Wolseley numbers affected by £245m impairment charge
LEAMINGTON Spa building supplies group Wolseley has seen revenue increase but profit before tax is down markedly.
Its figures have been impacted by an impairment charge of £245m relating to acquired intangibles in the Nordics arising from the acquisition of DT Group in 2006.
Its results for the half year ended January 31, released today, show that H12015 revenue was £6.43bn, an 8.9% increase on H12014’s £5.9bn.
But profit before tax was down by £209m from £312m to £103m.
More positively, though, the firm’s trading profit from on-going businesses was up by 11.1% from £351m to £390m.
The firm’s net debt has increased from £927m to £1.22bn.
The firm points to continued strong growth, market share gains and record trading margin of 7.9% in the US and further strong growth of e-commerce, now 13% of group revenue at £811m.

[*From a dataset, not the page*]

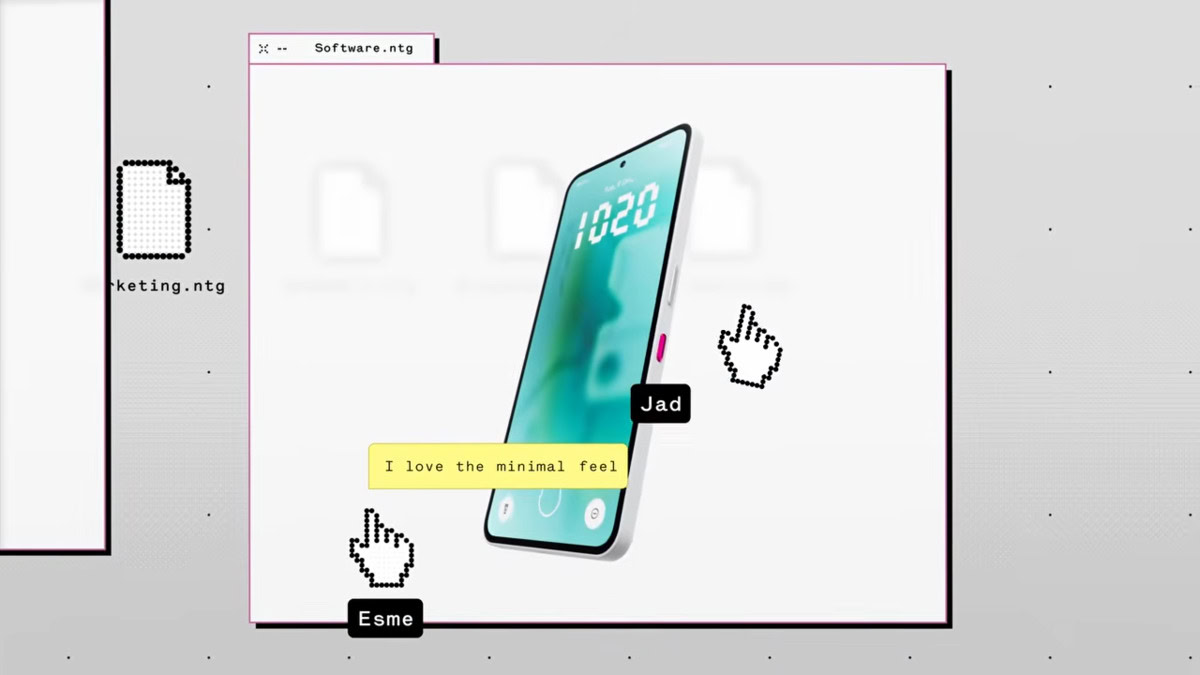 Самой заметной особенностью этого устройства является его уникальная цветовая схема: полупрозрачная бирюзовая задняя панель, акцентированная вкраплениями розового и жёлтого. Ничто не объясняет, что этот дизайн был вдохновлен стилем конца 90-х и начала 2000-х годов, стремясь к ретро-футуристическому виду. Фанаты также разработали специальные часы для экрана блокировки, которые меняются при включении устройства, и созданы новые обои, чтобы дополнить отличительную заднюю панель телефона.
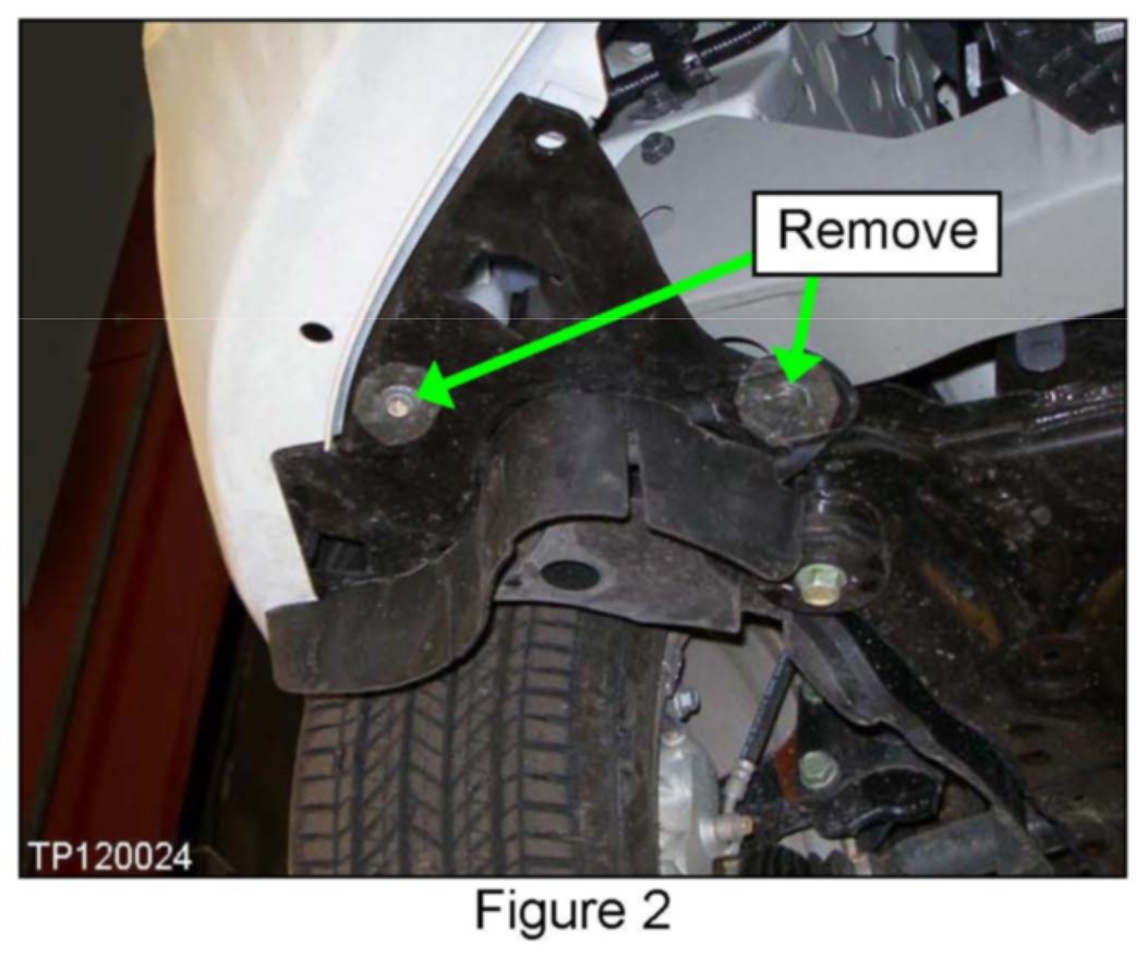 3. Remove the bolt and clip on both fender protectors where shown in Figure 2.

Wolseley completed seven bolt-on acquisitions with annualised revenue of £57m dueing the period and reports five further acquisitions since the period end with annualised revenue of £70m.
And it revealed it is close to concluding the disposal of its French wood businesses, subject to consultation, and has commenced the sales process for the remaining French building materials business.
Ian Meakins, chief executive, said: “The group delivered a good trading performance and the ongoing trading margin improved by 20 basis points to 6.1 per cent.
“This was driven by the USA where all of our businesses strongly outperformed their markets and we achieved a record 7.9% trading margin.
“We generated better like-for-like revenue growth in Europe, despite challenging markets, as we invested in sales and marketing activity to stimulate demand. We are taking action to improve profitability in Europe in the second half.”
“We continued to make good progress in our on-going investment programme to improve the efficiency of our business model. This remains a key component of our strategy to enhance customer service, whilst driving sustained market outperformance and margin expansion.”